[Data section]:
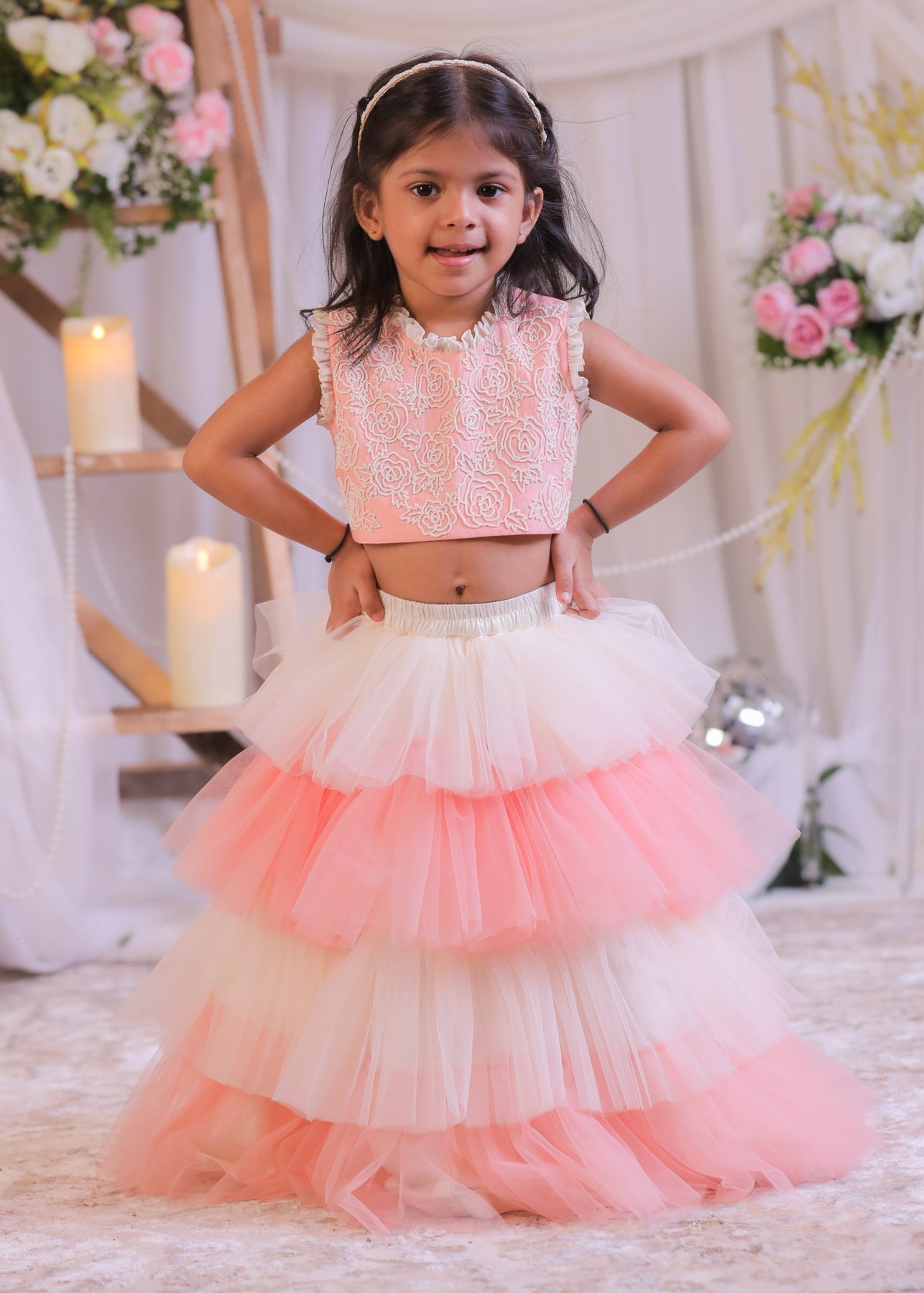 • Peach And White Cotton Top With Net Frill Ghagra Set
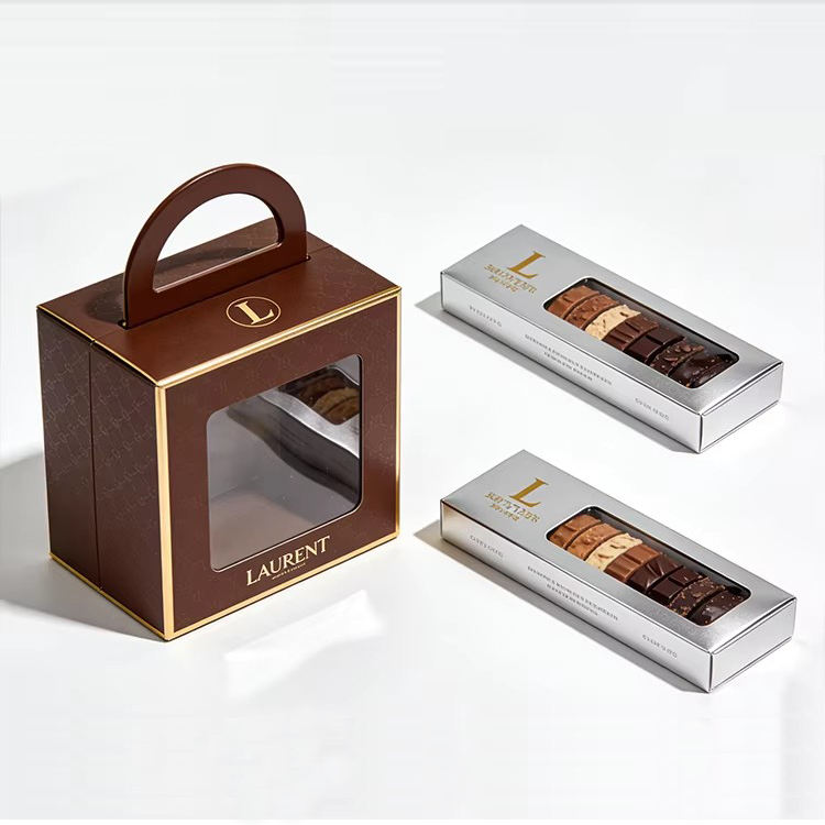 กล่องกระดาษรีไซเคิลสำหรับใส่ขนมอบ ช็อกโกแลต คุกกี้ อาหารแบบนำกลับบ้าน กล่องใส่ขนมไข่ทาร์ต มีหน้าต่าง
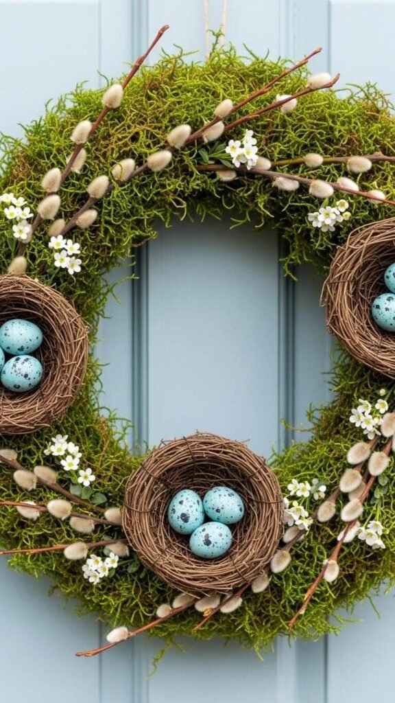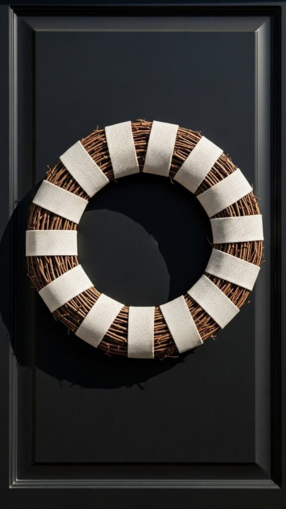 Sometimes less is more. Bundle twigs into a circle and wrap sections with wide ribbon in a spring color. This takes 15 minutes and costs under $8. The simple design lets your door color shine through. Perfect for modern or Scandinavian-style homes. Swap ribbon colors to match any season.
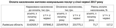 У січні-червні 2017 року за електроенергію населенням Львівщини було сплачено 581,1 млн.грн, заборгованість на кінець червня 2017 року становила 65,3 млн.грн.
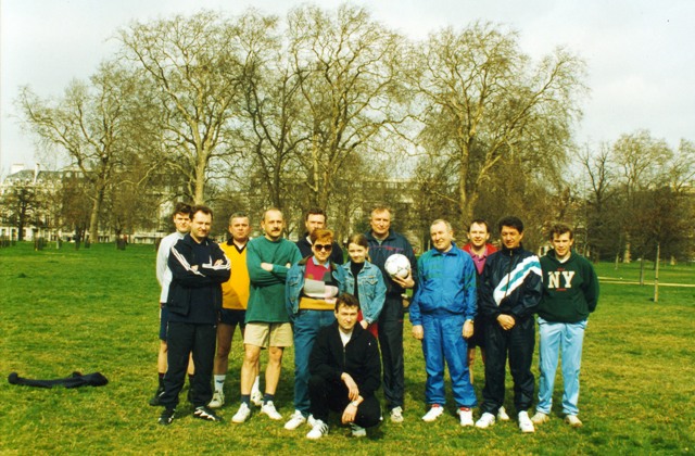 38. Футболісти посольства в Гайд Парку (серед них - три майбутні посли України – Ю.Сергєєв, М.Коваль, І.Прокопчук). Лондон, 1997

[Work to be completed]: Nothing but an exact transcription of the material, without pictures, should be returned.

[Task result]:
 • Peach And White Cotton Top With Net Frill Ghagra Set
 กล่องกระดาษรีไซเคิลสำหรับใส่ขนมอบ ช็อกโกแลต คุกกี้ อาหารแบบนำกลับบ้าน กล่องใส่ขนมไข่ทาร์ต มีหน้าต่าง
 Sometimes less is more. Bundle twigs into a circle and wrap sections with wide ribbon in a spring color. This takes 15 minutes and costs under $8. The simple design lets your door color shine through. Perfect for modern or Scandinavian-style homes. Swap ribbon colors to match any season.
 У січні-червні 2017 року за електроенергію населенням Львівщини було сплачено 581,1 млн.грн, заборгованість на кінець червня 2017 року становила 65,3 млн.грн.
 38. Футболісти посольства в Гайд Парку (серед них - три майбутні посли України – Ю.Сергєєв, М.Коваль, І.Прокопчук). Лондон, 1997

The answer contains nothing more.